I posted this elsewhere first, but it really belongs here at MR as well. Since there are already so many dozens of "hate iOS7 threads," I picked this one to add my thoughts. And you know what really upsets me? I just read this evening that after spending 9 hours taking my daughter back up to college so I was too busy to roll my wife's phone back, Apple has decided to stop signing iOS6 ALREADY so I can't get my wife back to the OS she knows and loves. Maybe if I take her phone back to Apple and ask for a replacement, but I digress. I think the pendulum swung way too far over to the "plain white OS" this time! While I'm not ready to go running over to Samsung, Apple has got some work to do to redeem themselves. BTW, yesterday I was in Best Buy and noticed there were people at the Samsung booth, both staff and customers while the Apple booth was deserted. Also the Samsung booth was constructed to be tall enough that you can't see the Apple booth from the store entrance, only the Samsung booth. I thought Tim Cook and his team were on top of things like this? Anyway, I digressed again. Let me get to why despite the fact I find it easy enough to use most of the time, for many users I think iOS7 stinks.
I downloaded iOS7 for me. It's ok. Just ok. I mean I like the quick setup screen. I've gotten used to the half screen swipe to get to Spotlight. But the whiteness of the UI is overpowering. If you're gonna make something so strongly monochromatic, you owe it to the user to allow them to tone it down. Normally I hate light grey on dark grey stuff but skinny black text swimming in an ocean of white is awful. It's far to bright to be used at night. What the heck were they thinking getting rid of ALL clues to let the user know how the UI works? I mean spinners should look like slot machine wheels, not static lists that a person has to tinker with to see how they work. My wife stopped at the time setting screen. And I mean stopped. She stared at it for a good 10 minutes before handing it to me. I remembered (purely from memory and not from anything I could see on the screen) that the date and time settings are wheels you can spin. When I showed her, she said "Oh yeah, now I remember." Look. When we used mainframes, the user could be expected to remember what a chunk of text did on a green screen. Now that we have thousands of pixels, why not spend a few of them letting a novice (or tired expert) user know he's dealing with a slot machine spinner and not a static list of dates to click on?

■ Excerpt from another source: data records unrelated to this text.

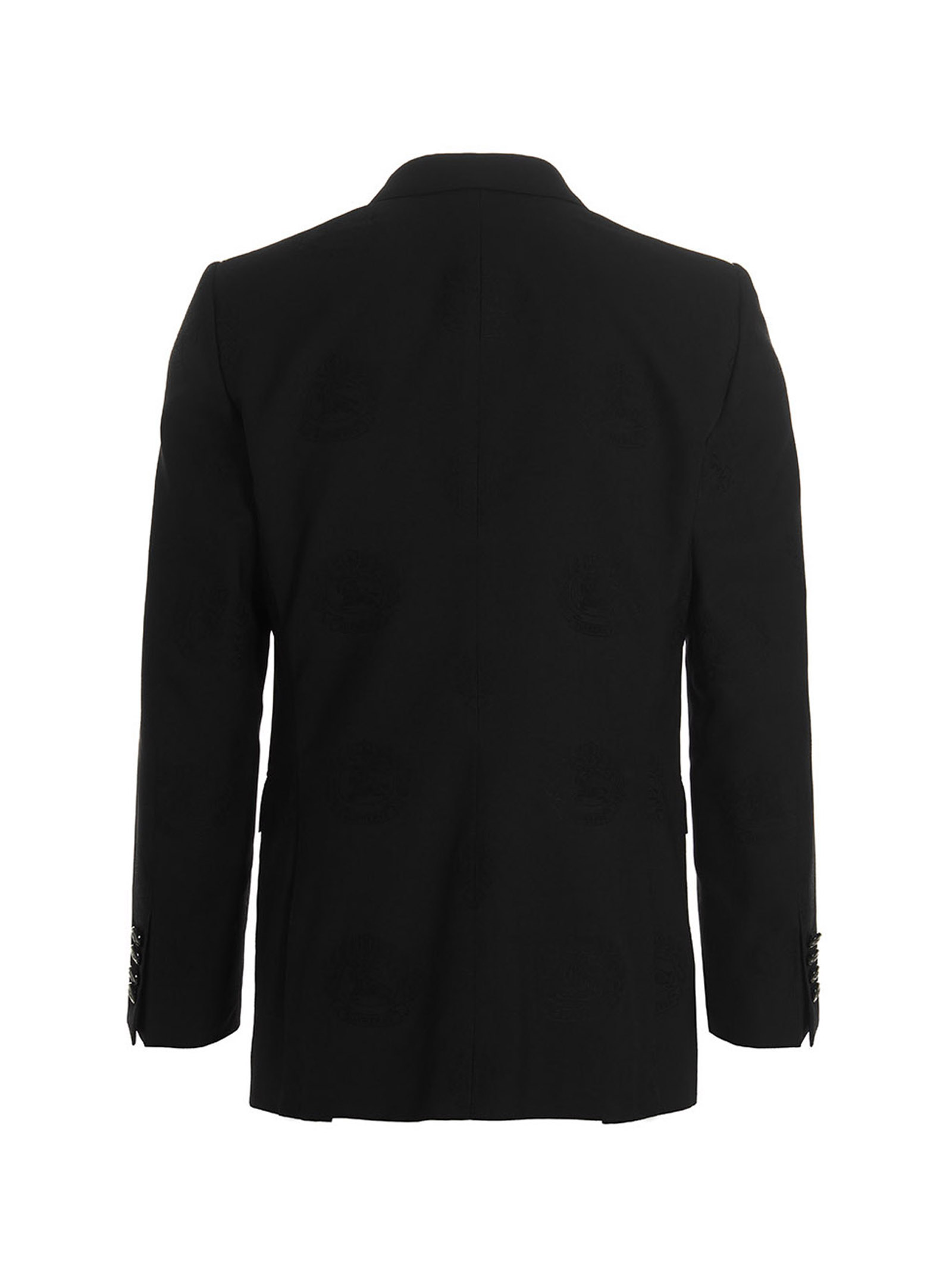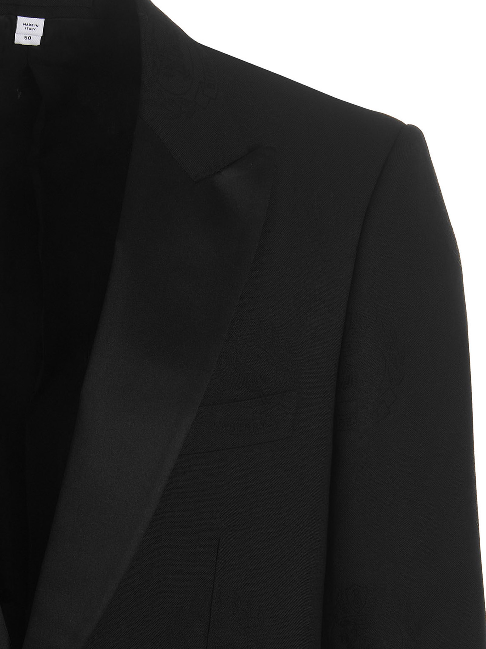 ‘Edinburgh’ tailored tuxedo blazer jacket in wool and cotton with bonded linen, oak leaves and tonal jacquard logo, structured shoulders, single-breasted closure with logo buttons, pointed lapels, welt pocket on the chest, flap pockets, inner button welt pockets, inner button pocket, functional button cuffs, double split at the back.
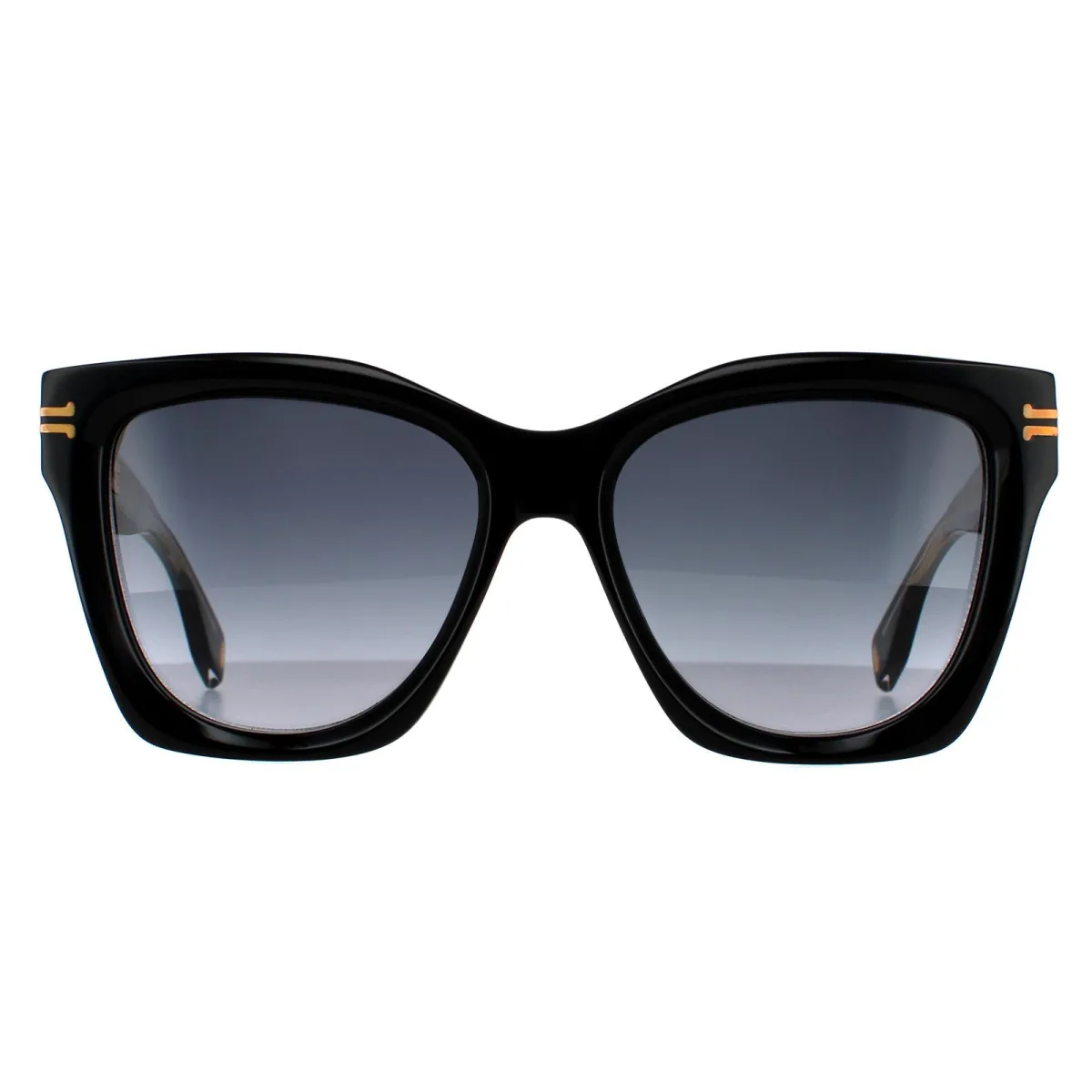 Marc Jacobs zonnebrillen MJ 1000/s 807 9o Black Dark Gray Gradient zijn een stijlvolle vierkante stijl gemaakt van premium en lichtgewicht acetaat. Het Marc Jacobs -logo is aan de bovenkant van het voorkader voor merkherkenning.
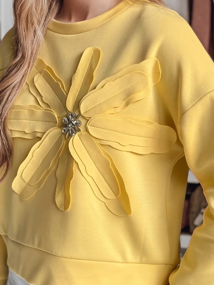 Bluza damska w kroju oversize, wyróżniająca się przestrzenną aplikacją w kształcie kwiatu z połyskującymi cyrkoniami. Uniwersalny rozmiar pasuje od XS do L. Minimalistyczny design łączy się z efektownymi detalami, tworząc nietuzinkowy element garderoby. Świetna do jeansów i spodni materiałowych.
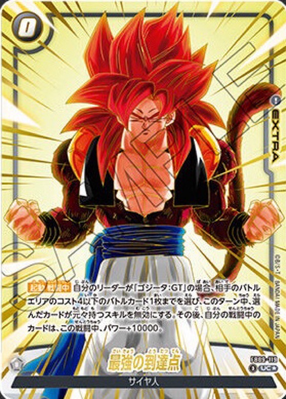 【起動 戦闘中】自分のリーダーが「ゴジータ:GT」の場合、相手のバトルエリアのコスト4以下のバトルカード1枚までを選び、このターン中、選んだカードが元々持つスキルを無効にする。その後、自分の戦闘中のカードは、この戦闘中、パワー+10000。
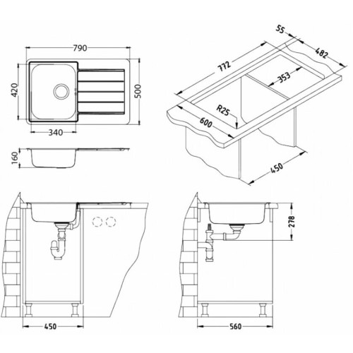 Словенское предприятие ALVEUS уже более 50 лет производит изделия из нержавеющей стали. Качество европейской нержавеющей стали позволяет гарантировать длительный срок эксплуатации при небольшой толщине стали. Поверхность мойки обработана по технологии NAT - способе, не предусматривающем дополнительной полировки и браширования. Изделие имеет цвет благородного металла с матовой, но в тоже время гладкой структурой. Самый простой в уходе вариант обработки поверхности, такую мойку проще всего почистить и заполировать. Отсутствие проделанных заранее отверстий в мойке делают ее более универсальной. Вы можете установить смеситель, дозатор, кран ля питьевой воды именно там, где Вам это удобно. Сделать отверстие в мойке можно с помощью обычного домашнего инструмента, и не требует профессиональных навыков. Дополнительные характеристики * Бренд: ALVEUS (Словения) * Производство: Словения * Материал: нержавеющая сталь * Толщина стали: 0.5 мм * Цвет: сталь, отделка
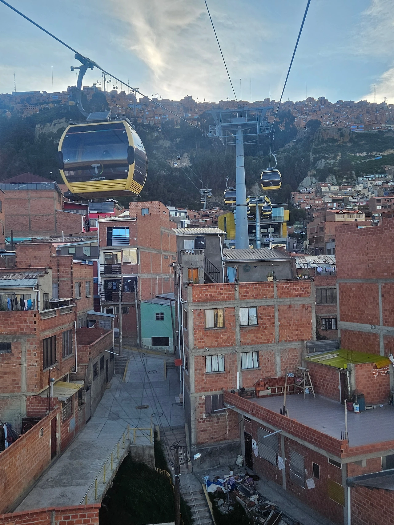 노란색 케이블카는 잠시도 심심할 겨를을 주지 않는다. 이번에는 벽돌 주택 옥상에 널린 빨래감 하나하나가 보일 정도로 가까이 마을을 스쳐갔다. 아마도 라파즈의 고도차를 가장 실감나게 체험할 수 있는 노선이 아닐까.
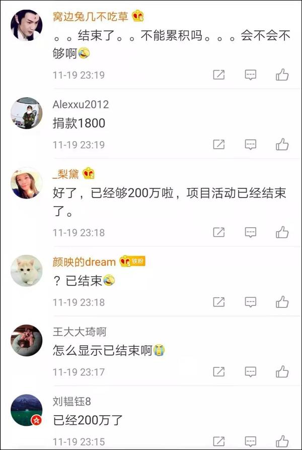 昨晚11點多,該募捐項目“已結束”。
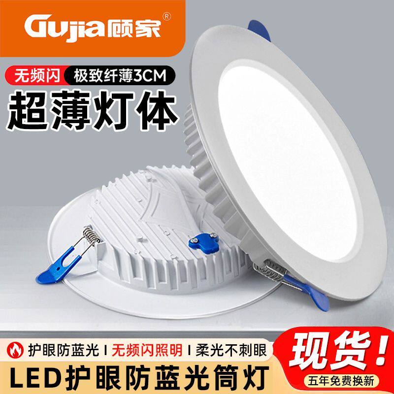 顾家led筒灯店铺商用4寸12w嵌入式6寸18瓦天花吊顶孔洞桶灯大开孔
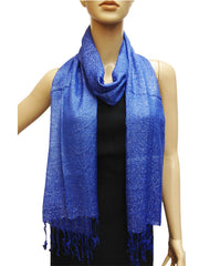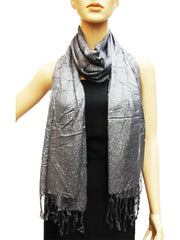 Elevate your style with this elegant scarf, woven with shimmering silver threads for a subtle sparkle. The lightweight fabric drapes beautifully, while the delicate fringe adds a sophisticated touch. Perfect for any occasion, from casual outings to evening events.
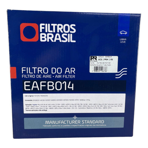 Filtro de Ar Reforçado Toyota Hilux 2.5 3.0 2005 2006 2007 2008 2009 2010 2011 2012 2013 2014 2015
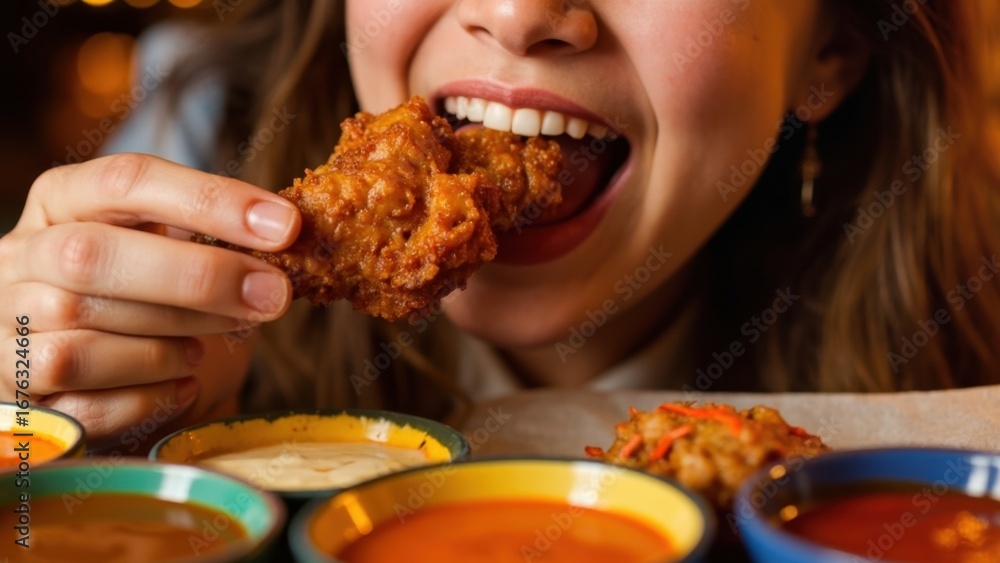 Fototapeta do Restauracji - Woman eating fried chicken with various sauces #1676324666
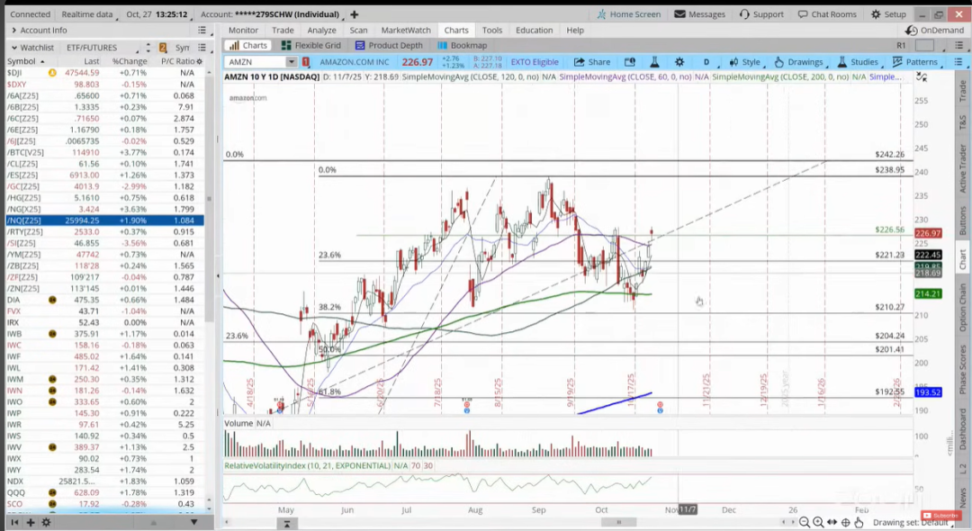 亚马逊周一盘中传出裁员消息引发跳水,但整体结构仍乐观。股价在235–200大区间内震荡,底部形态初步成型。操作上采取高抛低吸,周一在226–227区域止盈股票,后续计划通过卖出看跌期权(如250行权价、约33权利金)锁定接货成本在217左右,以时间换空间。

Let me be blunt. Apple screwed the pooch on iOS7. Jony Ive may be an industrial design genius but remember it wasn't just Scott Forestall that liked skeuomorphisms, it was Steve Jobs. I imagine that bland white screen of very few non-white pixels appeals to some aesthetic. I'm not there to look at the thing and admire it. I'm there to use it. Ugly is better than pretty if it's easier to use. There's a reason digital slot machines still show columns of spinning fruit on an LCD screen. That particular skeuomorphism is necessary to communicate to the user the kind of machine he is playing. Otherwise why not simply scan the rfid in the user's comp card as they enter the casino and let them know whether they've won by the time they walk up to the machine? Sometimes less really is... less.